*** Material for this task Section Begins ***
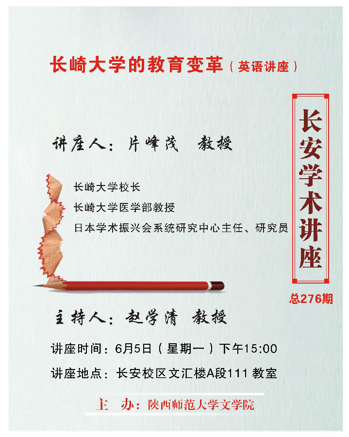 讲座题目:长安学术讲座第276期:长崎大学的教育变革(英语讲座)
*** Material for this task Section Ends ***
*** Material for this task Section Begins ***
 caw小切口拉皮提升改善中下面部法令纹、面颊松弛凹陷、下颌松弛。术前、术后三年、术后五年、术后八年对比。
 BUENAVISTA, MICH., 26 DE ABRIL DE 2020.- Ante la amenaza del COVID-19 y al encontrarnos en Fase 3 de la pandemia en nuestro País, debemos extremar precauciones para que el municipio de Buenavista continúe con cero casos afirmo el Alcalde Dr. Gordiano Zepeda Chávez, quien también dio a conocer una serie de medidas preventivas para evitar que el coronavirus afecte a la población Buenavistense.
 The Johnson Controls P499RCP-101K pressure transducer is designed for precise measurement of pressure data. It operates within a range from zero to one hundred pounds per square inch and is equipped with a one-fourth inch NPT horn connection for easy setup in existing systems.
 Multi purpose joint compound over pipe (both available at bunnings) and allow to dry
*** Material for this task Section Ends ***
Taking the line with "BUENAVISTA, MICH., 26" as the first and the line with "Multi purpose joint" as the last, retype that stretch of the data above exactly, with no other lines.

 BUENAVISTA, MICH., 26 DE ABRIL DE 2020.- Ante la amenaza del COVID-19 y al encontrarnos en Fase 3 de la pandemia en nuestro País, debemos extremar precauciones para que el municipio de Buenavista continúe con cero casos afirmo el Alcalde Dr. Gordiano Zepeda Chávez, quien también dio a conocer una serie de medidas preventivas para evitar que el coronavirus afecte a la población Buenavistense.
 The Johnson Controls P499RCP-101K pressure transducer is designed for precise measurement of pressure data. It operates within a range from zero to one hundred pounds per square inch and is equipped with a one-fourth inch NPT horn connection for easy setup in existing systems.
 Multi purpose joint compound over pipe (both available at bunnings) and allow to dry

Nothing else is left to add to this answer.